#### AVAILABLE RECORDS

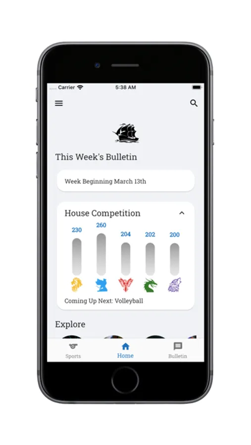 The app allows students to view articles, weekly bulletin, weekly menu, podcast, and house competition results.
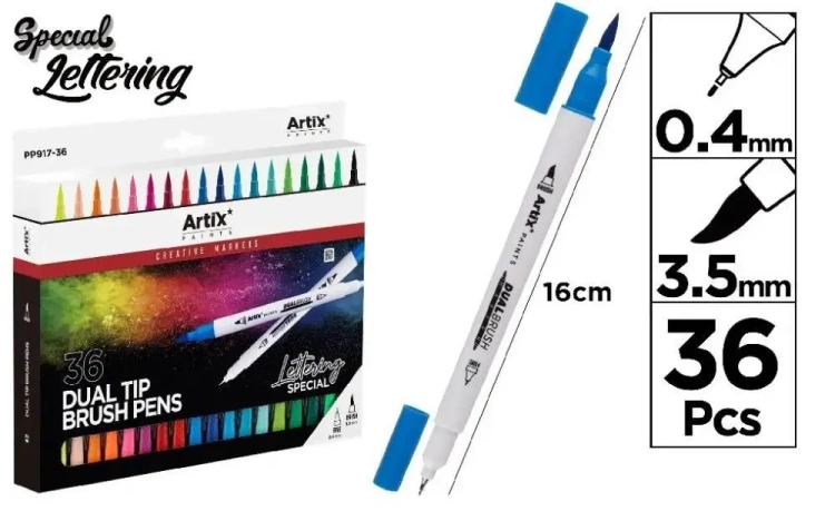 Odkryj możliwości precyzyjnego rysowania dzięki dwustronnym markerom pędzelkowym ARTIX, dostępnym w zestawie zawierającym aż 36 różnych kolorów. Te unikalne przybory łączą w sobie wszechstronność i wygodę, co czyni je idealnym wyborem zarówno dla profesjonalnych artystów, jak i amatorów poszukujących inspirujących narzędzi do tworzenia.
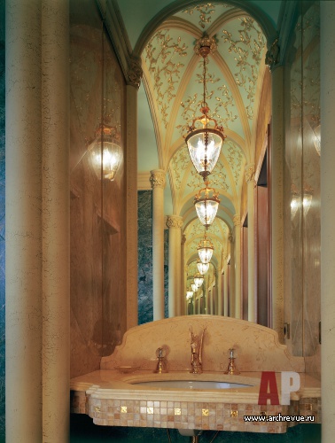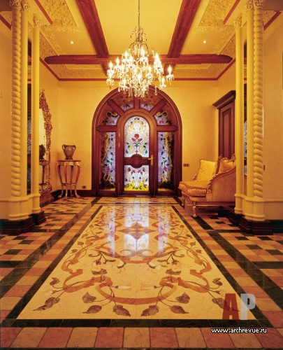 Интерьер особняка полон авторских решений и уникальных изделий. Классика подразумевает обилие орнаментов, фактур, декоративных подробностей, которые хочется изучать, рассматривать, каждый раз находя в них что-то новое. Пышный лепной декор, уникальный художественный паркет, мозаичные панно, скульптурная отделка каминов выполнены по эскизам автора проекта руками лучших мастеров своего дела.
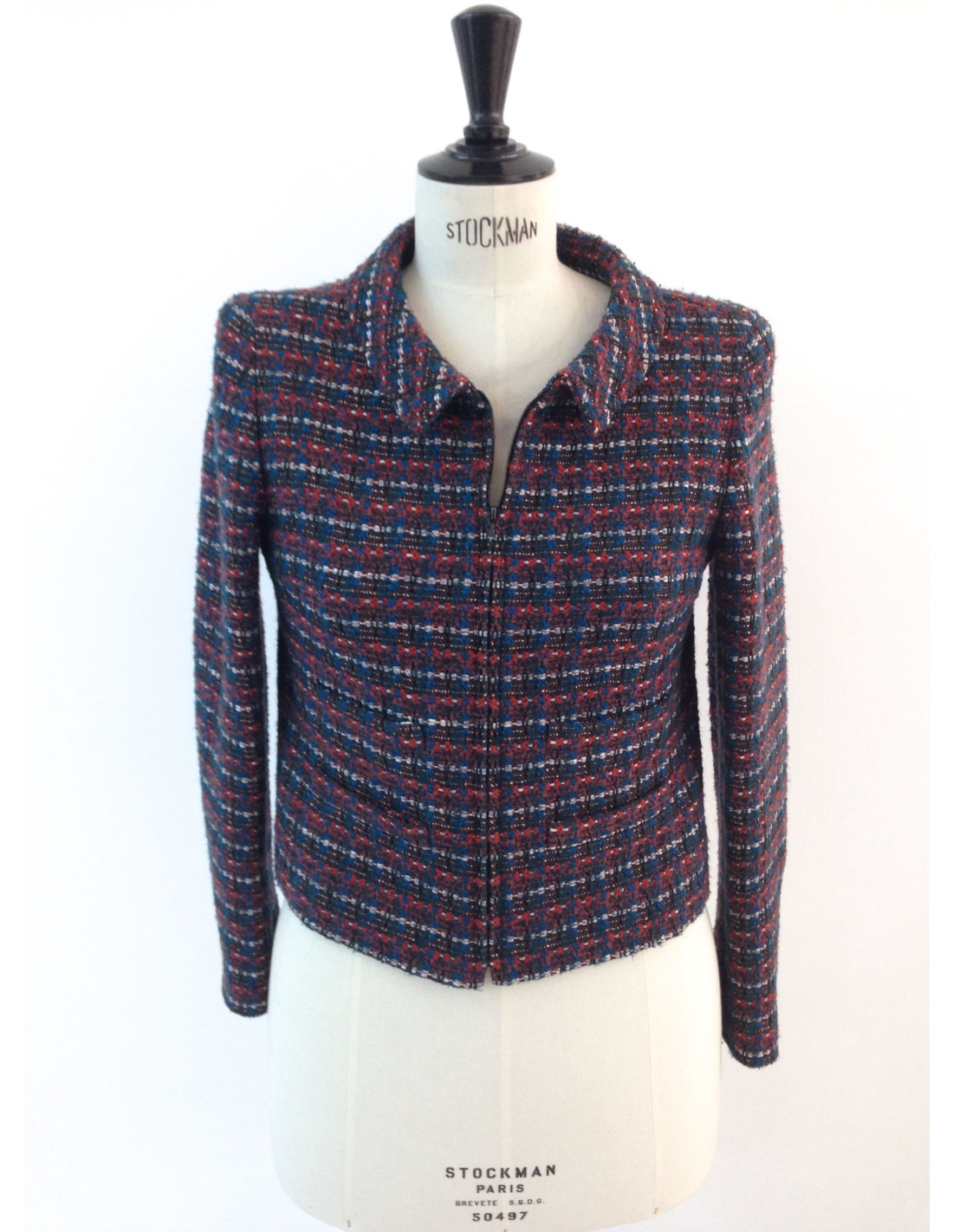 Tricolor tweed CHANEL jacket size 38 in the fall / winter 2002 collection. The tweed is coloured blue duck, dark green, red, white and pink aged. The jacket closes with a fine zipper. The blue duck silk lining is embroidered camelias (symbol of the House), and the abbreviation CC. The jacket has four false pockets.
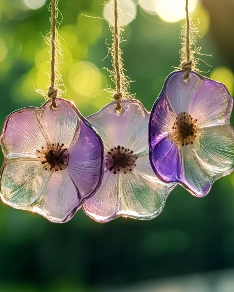 - Hang and enjoy: Once firm and dry, pop out your suncatchers and hang them in a sunny window for a touch of natural beauty.
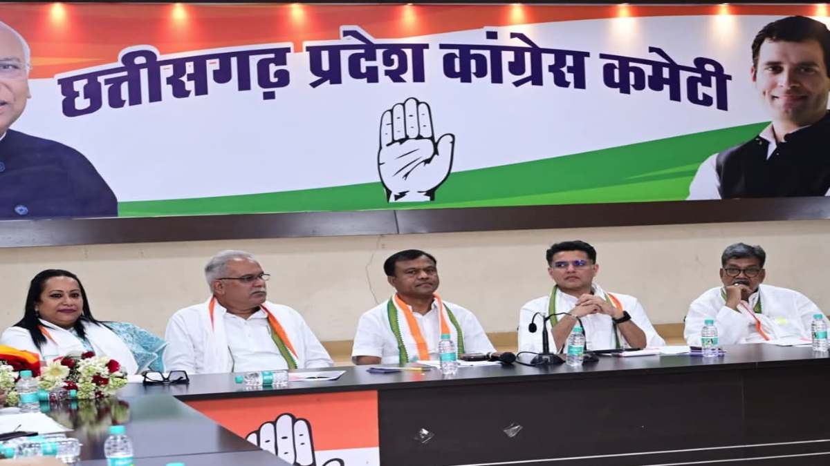 प्रदेश कांग्रेस प्रभारी सचिन पायलट की अध्यक्षता में हुई इस बैठक में कमेटी के सदस्य कांग्रेस अध्यक्ष दीपक बैज, नेता प्रतिपक्ष डॉ. चरणदास महंत एवं प्रभारी सचिव एस.ए. संपत कुमार, जरिता लेतफलांग, विजय जांगिड़, पूर्व मंत्री धनेन्द्र साहू, पूर्व मंत्री सत्यनारायण शर्मा, पूर्व मंत्री ताम्रध्वज साहू, एआईसीसी सचिव राजेश तिवारी, एआईसीसी सचिव एवं विधायक देवेन्द्र यादव, प्रभारी महामंत्री मलकीत सिंह गैदू, सांसद पूर्व मंत्री रविन्द्र चौबे, पूर्व मंत्री मोहम्मद अकबर, पूर्व मंत्री शिवकुमार डहरिया, पूर्व मंत्री अनिला भेड़िया, पूर्व मंत्री जयसिंह अग्रवाल, पूर्व मंत्री गुरू रूद्र कुमार, पूर्व मंत्री प्रेमसाय सिंह, अमरजीत भगत, उमेश पटेल, अमितेश शुक्ल, पूर्व सांसद छाया वर्मा, पूर्व विधायक गुरूमुख सिंह होरा, पूर्व विधायक अरूण वोरा, पूर्व विधायक विकास उपाध्याय, वरिष्ठ कांग्रेस नेता राजेन्द्र तिवारी, शैलेश नितिन त्रिवेदी, प्रदेश कांग्रेस संचार विभाग अध्यक्ष सुशील आनंद शुक्ला, युवा कांग्रेस अध्यक्ष आकाश शर्मा, एनएसयूआई प्रदेश अध्यक्ष नीरज पाण्डेय, कांग्रेस सेवादल प्रमुख अरूण ताम्रकार उपस्थित थे.
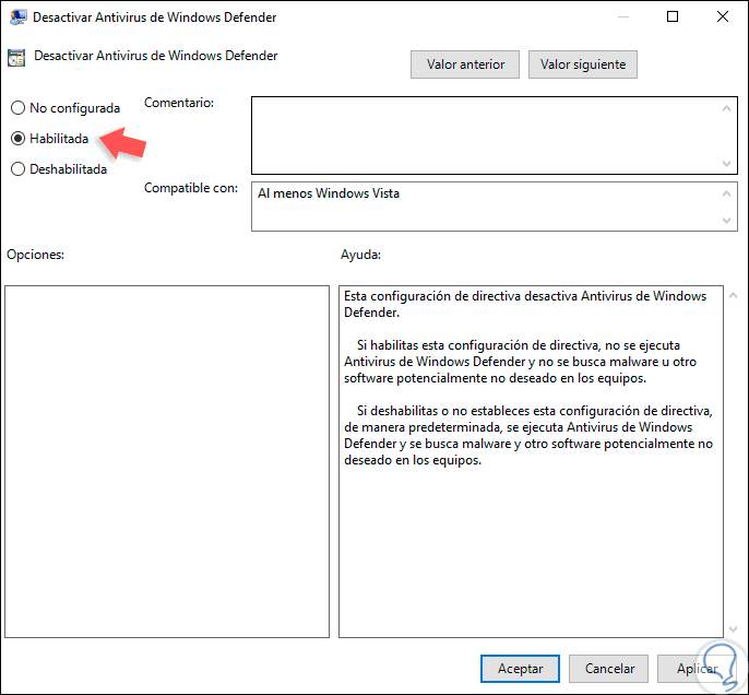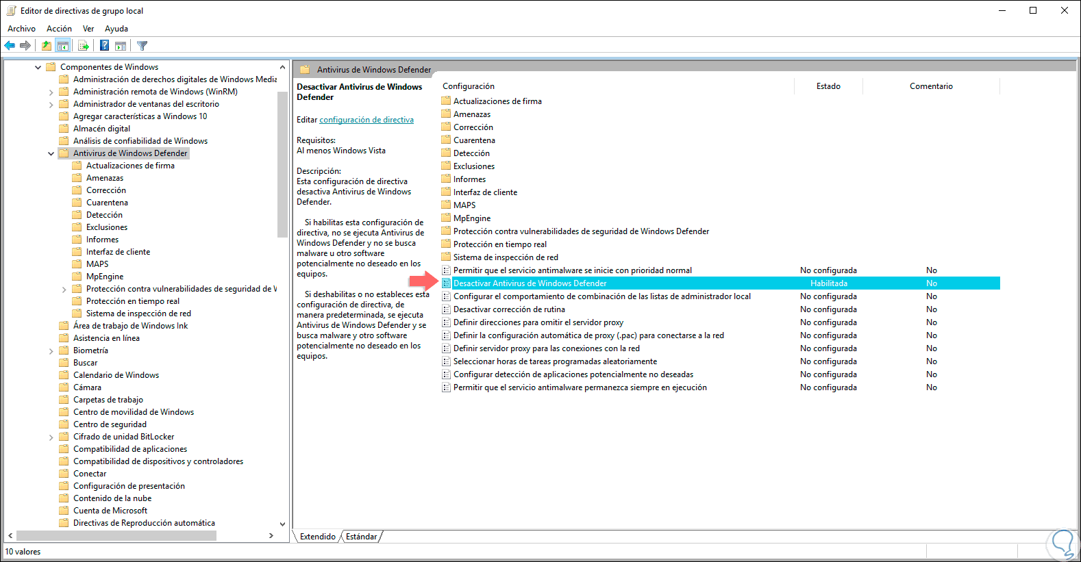 2. Desactivar Windows Defender en Windows 10 desde GPO

########

* EXERCISE PROMPT *
Output every record verbatim, skipping images.

* RESPONSE AREA *
 The app allows students to view articles, weekly bulletin, weekly menu, podcast, and house competition results.
 Odkryj możliwości precyzyjnego rysowania dzięki dwustronnym markerom pędzelkowym ARTIX, dostępnym w zestawie zawierającym aż 36 różnych kolorów. Te unikalne przybory łączą w sobie wszechstronność i wygodę, co czyni je idealnym wyborem zarówno dla profesjonalnych artystów, jak i amatorów poszukujących inspirujących narzędzi do tworzenia.
 Интерьер особняка полон авторских решений и уникальных изделий. Классика подразумевает обилие орнаментов, фактур, декоративных подробностей, которые хочется изучать, рассматривать, каждый раз находя в них что-то новое. Пышный лепной декор, уникальный художественный паркет, мозаичные панно, скульптурная отделка каминов выполнены по эскизам автора проекта руками лучших мастеров своего дела.
 Tricolor tweed CHANEL jacket size 38 in the fall / winter 2002 collection. The tweed is coloured blue duck, dark green, red, white and pink aged. The jacket closes with a fine zipper. The blue duck silk lining is embroidered camelias (symbol of the House), and the abbreviation CC. The jacket has four false pockets.
 - Hang and enjoy: Once firm and dry, pop out your suncatchers and hang them in a sunny window for a touch of natural beauty.
 प्रदेश कांग्रेस प्रभारी सचिन पायलट की अध्यक्षता में हुई इस बैठक में कमेटी के सदस्य कांग्रेस अध्यक्ष दीपक बैज, नेता प्रतिपक्ष डॉ. चरणदास महंत एवं प्रभारी सचिव एस.ए. संपत कुमार, जरिता लेतफलांग, विजय जांगिड़, पूर्व मंत्री धनेन्द्र साहू, पूर्व मंत्री सत्यनारायण शर्मा, पूर्व मंत्री ताम्रध्वज साहू, एआईसीसी सचिव राजेश तिवारी, एआईसीसी सचिव एवं विधायक देवेन्द्र यादव, प्रभारी महामंत्री मलकीत सिंह गैदू, सांसद पूर्व मंत्री रविन्द्र चौबे, पूर्व मंत्री मोहम्मद अकबर, पूर्व मंत्री शिवकुमार डहरिया, पूर्व मंत्री अनिला भेड़िया, पूर्व मंत्री जयसिंह अग्रवाल, पूर्व मंत्री गुरू रूद्र कुमार, पूर्व मंत्री प्रेमसाय सिंह, अमरजीत भगत, उमेश पटेल, अमितेश शुक्ल, पूर्व सांसद छाया वर्मा, पूर्व विधायक गुरूमुख सिंह होरा, पूर्व विधायक अरूण वोरा, पूर्व विधायक विकास उपाध्याय, वरिष्ठ कांग्रेस नेता राजेन्द्र तिवारी, शैलेश नितिन त्रिवेदी, प्रदेश कांग्रेस संचार विभाग अध्यक्ष सुशील आनंद शुक्ला, युवा कांग्रेस अध्यक्ष आकाश शर्मा, एनएसयूआई प्रदेश अध्यक्ष नीरज पाण्डेय, कांग्रेस सेवादल प्रमुख अरूण ताम्रकार उपस्थित थे.
 2. Desactivar Windows Defender en Windows 10 desde GPO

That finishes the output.